What to work on: Leaving pictures aside, set down each line exactly, from the first line of the data to the line with "4、鸡蛋煮熟后,用勺把锅里的", both included.

Data below:
==================================================

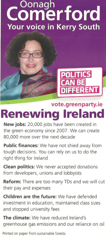 From the 2011 General Election a leaflet from Green Party candidate in Kerry South Oonagh Comerford. Comerford polled 401 votes and failed to win a seat.
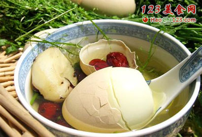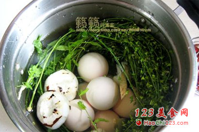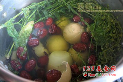 4、鸡蛋煮熟后,用勺把锅里的鸡蛋壳轻轻磕破(以便入味),加入红枣,再煮约15分钟即可,出锅前依各人口味调一点盐或糖,或者什么都不放。盛到碗里,清香扑鼻,地菜花煮出的汤水也是绿的,就连光溜溜的蛋壳上也染上一层淡淡的绿,沁人心脾的香啊!
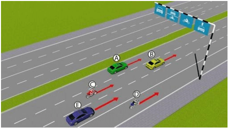 Giải thích đáp án: Nhìn vào bảng chỉ dẫn loại phương tiện theo làn đường: Xe con (E) đi trên làn dành riêng cho mô tô nên vi phạm; Xe mô tô (D) chạy trên làn dành riêng xe ô tô nên cũng vi phạm.
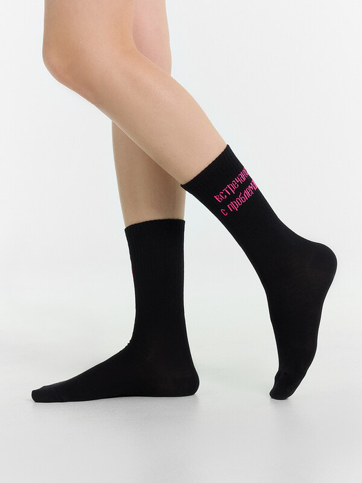 Высокие классические носки женские с плотной резинкой и рисунком в виде надписи "Встречаюсь с проблемами". Выполнены из высококачественного гребенного хлопка - тонкого, прочного и эластичного. Натуральные волокна отлично пропускают воздух и впитывают влагу, обеспечивают ощущение комфорта в течение дня. Благодаря небольшому количеству эластана в составе, носочки хорошо облегают и сохраняют форму, практичны и долговечны. Пятка и мысок дополнительно усилены для защиты от протирания при активном движении. Резинка мягко, но надежно удерживает носки, не передавливая ногу и не оставляя на коже следов. Отличный вариант для зимних дней и новогодних праздников. Нежные, достаточно теплые и мягкие, создадут атмосферу тепла и уюта. Порадуйте себя и своих близких прекрасными носочками от Mark Formelle!

==================================================

Answer to the exercise:
 From the 2011 General Election a leaflet from Green Party candidate in Kerry South Oonagh Comerford. Comerford polled 401 votes and failed to win a seat.
 4、鸡蛋煮熟后,用勺把锅里的鸡蛋壳轻轻磕破(以便入味),加入红枣,再煮约15分钟即可,出锅前依各人口味调一点盐或糖,或者什么都不放。盛到碗里,清香扑鼻,地菜花煮出的汤水也是绿的,就连光溜溜的蛋壳上也染上一层淡淡的绿,沁人心脾的香啊!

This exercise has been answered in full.